Sementara Permenkes ini lebih pada peneguhan peran Menteri Kesehatan dalam penentuan PSBB. Selain itu, ada juga aturan prosedur dan birokrasi penetapan PSBB yang lebih spesifik.

“Sepintas, prosedur biroraktif seperti itu sangat baik. Tetapi karena panjangnya alur birokrasi, dikhawatirkan akan memperlambat tugas dalam penanganan COVID-19. Sementara, sebagaimana kita ketahui bersama, penyebaran virus ini berlangsung cukup cepat. Tidak menunggu proses birokrasi dan hasil-hasil kajian seperti yang diurai dalam permenkes itu,” katanya kepada wartawan, Minggu (5/4/2020).

Kesan sangat birokratis itu jelas dia, misalnya, tata cara penetapan PSBB pada bagian ketiga Permenkes yang harus melalui tahapan yang panjang. Dalam penetapan itu, Menkes harus membentuk tim melakukan kajian epidemologis, kajian terhadap aspek politik, ekonomi, sosial, budaya, agama, pertahanan, dan keamanan.

Pelaksanaan kajian itu juga harus berkoordinasi dengan Satuan Gugus Tugas Percepatan Penanganan COVID-19. Belum selesai di situ, tim kajian ditugaskan untuk memberikan rekomendasi kepada menteri.

“Setelah membaca semua pasal-pasalnya, saya berkesimpulan bahwa Permenkes ini tidak efektif dalam mengatur kerja-kerja besar perang melawan Corona. Ketentuan yang ada di dalamnya tidak begitu jauh berbeda dengan apa yang ada di peraturan pemerintahnya. Yang baru hanya mendetailkan prosedur pengajuan PSBB oleh kepala daerah,” ujarnya.

Saleh justru menilai bahwa akan lebih mudah jika prosedur penetapan PSBB Satgas Percepatan Penanganan COVID-19.

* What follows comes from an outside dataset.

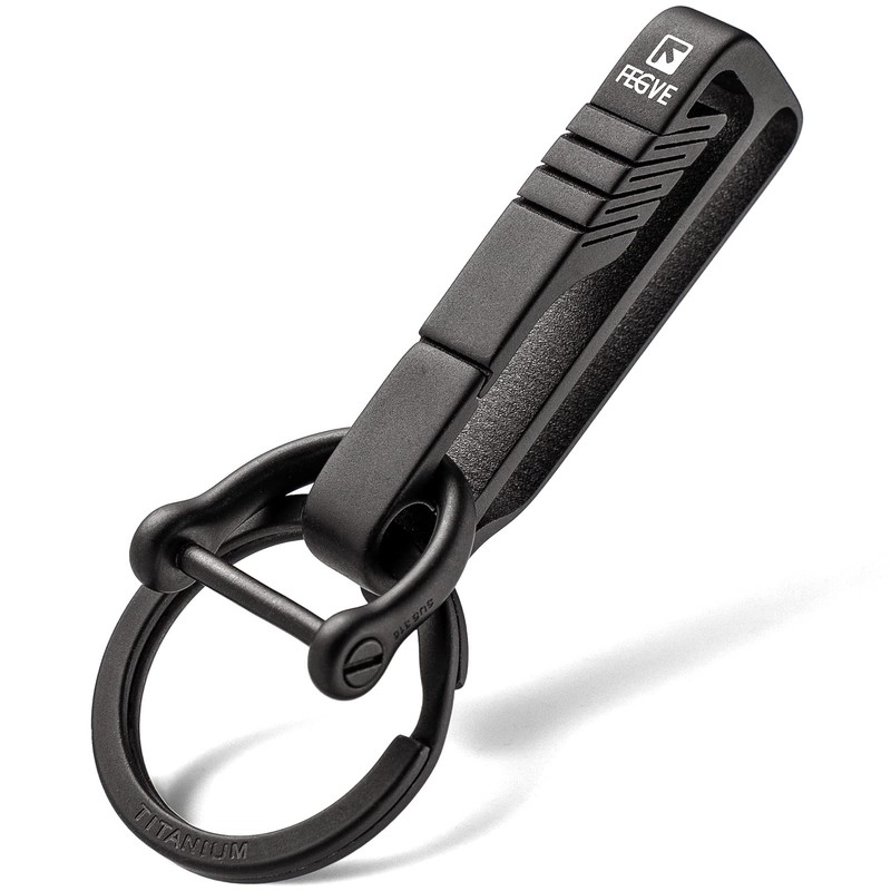 FEGVE Key Belt Clip with Titanium Key Ring and D-shaped keyring, Belt Key Holder Keychain Hook for Men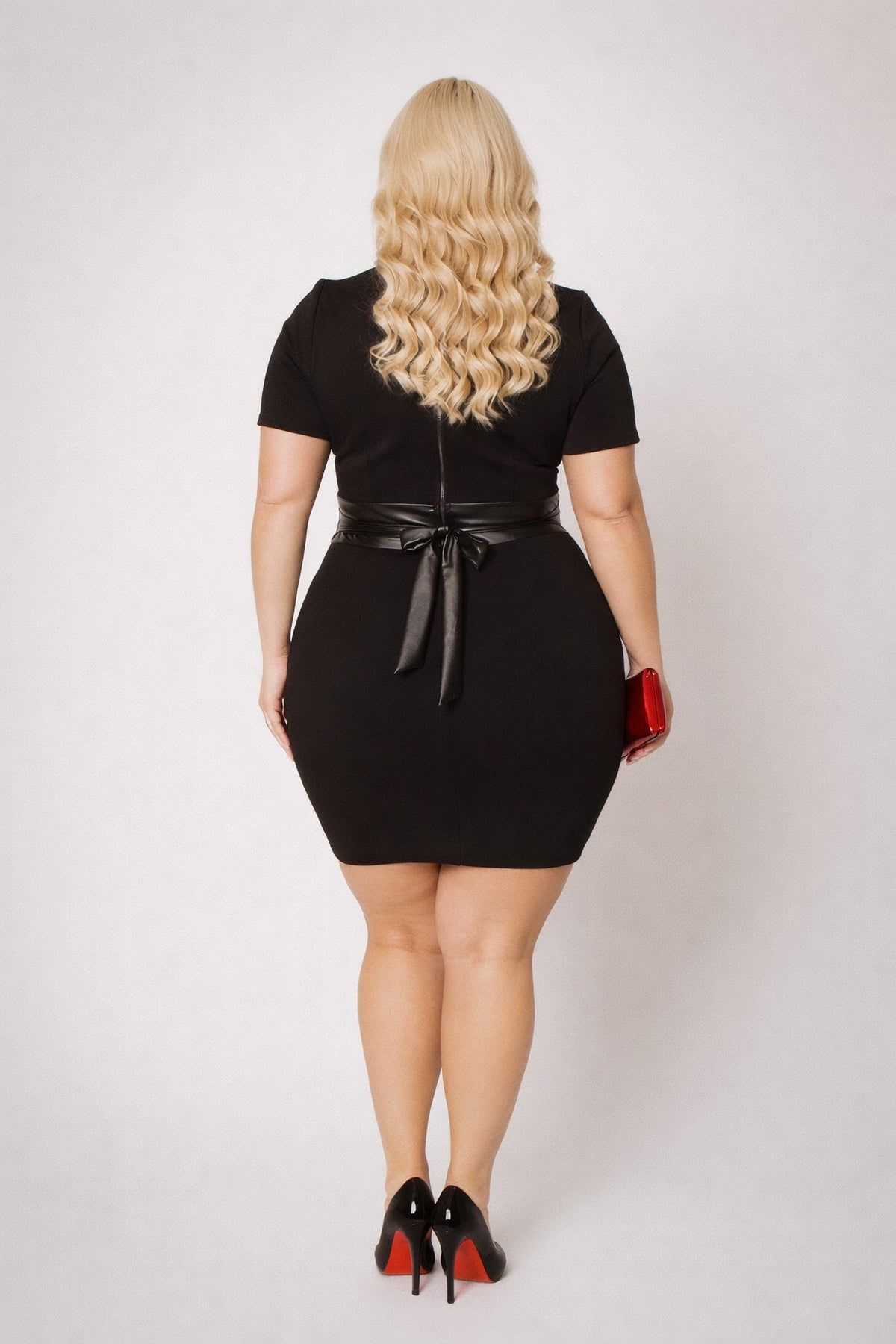 This plus size dress features a sleek bodycon silhouette with short sleeves and a smooth, curve-hugging fit for a polished look. Finished with a removable faux leather waist belt that can be worn tied, swapped, or styled without for versatile wear day to night.

Sebab tidak seperti kepala daerah, pengajuan oleh Satgas itu tidak perlu lagi harus menyampaikan informasi mengenai kesiapan daerah tentang aspek ketersediaan kebutuhan hidup dasar rakyat, sarana dan prasarana kesehatan, anggaran dan operasionalisasi jaring pengaman sosial, serta keamanan. Sementara dalam Permenkes, itu menjadi tugas dari kepala daerah.

“Soal kurva epidemologi, memang sekarang ini sudah ada? Seperti apa kurva tersebut? Yang berhak membuatnya siapa? Begitu juga dengan peta penyebarannya. Seperti apa peta penyebaran yang dimaksud? Sejauh ini pemerintah belum pernah merilis secara resmi peta penyebaran. Yang ada hanya penambahan jumlah yang positif dan meninggal saja. Kalau di pusat saja hal itu sulit dikerjakan, saya khawatir, ini malah akan menyulitkan dalam proses penerapan PSBB di daerah,” tekannya.

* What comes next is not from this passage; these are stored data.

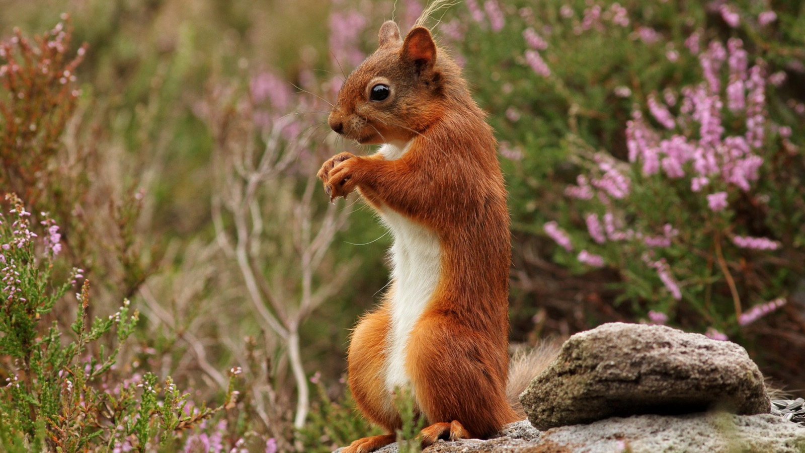 林中红色松鼠,可爱站姿,岩石,红色松鼠桌面壁纸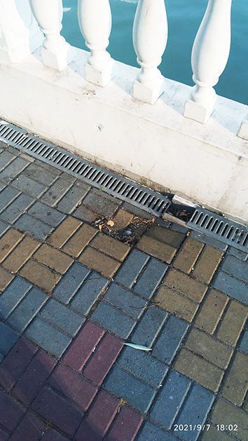 Хмельничан у соціальній мережі написав пост у спільноту Департаменту інфраструктури міста з проханням звернути увагу на провали тротуарної плитки поблизу огорожі. Чоловік додав фото, на яких видно, що крім вимощеної доріжки, почала провалюватися і ливнівка.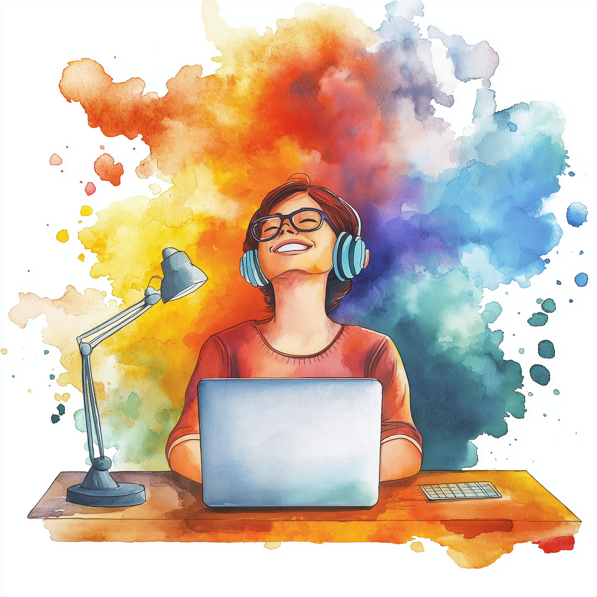 This illustration features a joyful, neurodivergent person engaged in their work environment, utilizing adaptive technology. The background is a vibrant watercolor abstract, filled with deep colors that evoke a sense of creativity and inclusivity.

Di samping itu, lanjutnya, penetapan PSBB atas usulan kepala daerah bakalan terkendala dengan data dan kriteria yang cukup banyak.

Pada pasal 4, misalnya, disebutkan bahwa permohonan PSBB oleh kepala daerah harus menyertakan data peningkatan jumlah kasus disertai kurva epidemologi, data peta penyebaran menurut waktu, data penyeledikan epidomologi yang menyebutkan telah terjadi penularan generasi kedua dan ketiga.

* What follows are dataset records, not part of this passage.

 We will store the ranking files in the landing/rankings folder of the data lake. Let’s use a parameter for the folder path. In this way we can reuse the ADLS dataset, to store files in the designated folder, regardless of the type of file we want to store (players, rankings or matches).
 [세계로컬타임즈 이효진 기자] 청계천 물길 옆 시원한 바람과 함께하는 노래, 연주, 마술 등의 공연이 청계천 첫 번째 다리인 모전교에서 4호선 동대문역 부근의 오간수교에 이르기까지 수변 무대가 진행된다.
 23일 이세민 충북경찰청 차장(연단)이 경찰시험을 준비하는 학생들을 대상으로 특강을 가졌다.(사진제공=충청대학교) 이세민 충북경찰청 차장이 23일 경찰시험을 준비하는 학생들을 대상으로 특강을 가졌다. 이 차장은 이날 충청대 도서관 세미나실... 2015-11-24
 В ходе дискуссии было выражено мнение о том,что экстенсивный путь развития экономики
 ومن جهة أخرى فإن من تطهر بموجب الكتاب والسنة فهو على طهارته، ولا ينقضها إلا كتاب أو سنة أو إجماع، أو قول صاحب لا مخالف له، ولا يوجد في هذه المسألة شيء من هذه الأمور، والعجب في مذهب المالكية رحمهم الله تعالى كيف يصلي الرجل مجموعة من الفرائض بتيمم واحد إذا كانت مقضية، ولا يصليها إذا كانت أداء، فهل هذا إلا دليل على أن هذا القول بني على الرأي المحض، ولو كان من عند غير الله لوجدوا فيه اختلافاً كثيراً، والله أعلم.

Kemudian, tambahnya, penetapan PSBB atas usulan kepala daerah dinilai terkendala dengan data dan kriteria yang cukup banyak. Pada pasal 4, misalnya, disebutkan bahwa permohonan PSBB oleh kepala daerah harus menyertakan data peningkatan jumlah kasus disertai kurva epidemologi, data peta penyebaran menurut waktu, data penyeledikan epidomologi yang menyebutkan telah terjadi penularan generasi kedua dan ketiga.

“Saya khawatir, peraturan pemerintah dan permenkes PSBB ini hanya akan menjadi dokumen kearifan. Dokumen kearifan yang berada di tempat yang tinggi tetapi tidak terimplementasi di bumi,” imbuhnya.

Dan yang lebih penting, tekan Saleh, baik di dalam Peraturan Pemerintah No. 21/2020 maupun di dalam Permenkes No. 9/2020 ini tidak ditemukan sanksi bagi yang melanggar. Itu artinya, kata dia, penetapan PSBB dengan serentetan birokrasinya boleh saja tidak ditaati.

“Padahal ketidaktaatan itu sebenarnya sudah terjadi dan dapat dilihat di tengah masyarakat,” pungkasnya.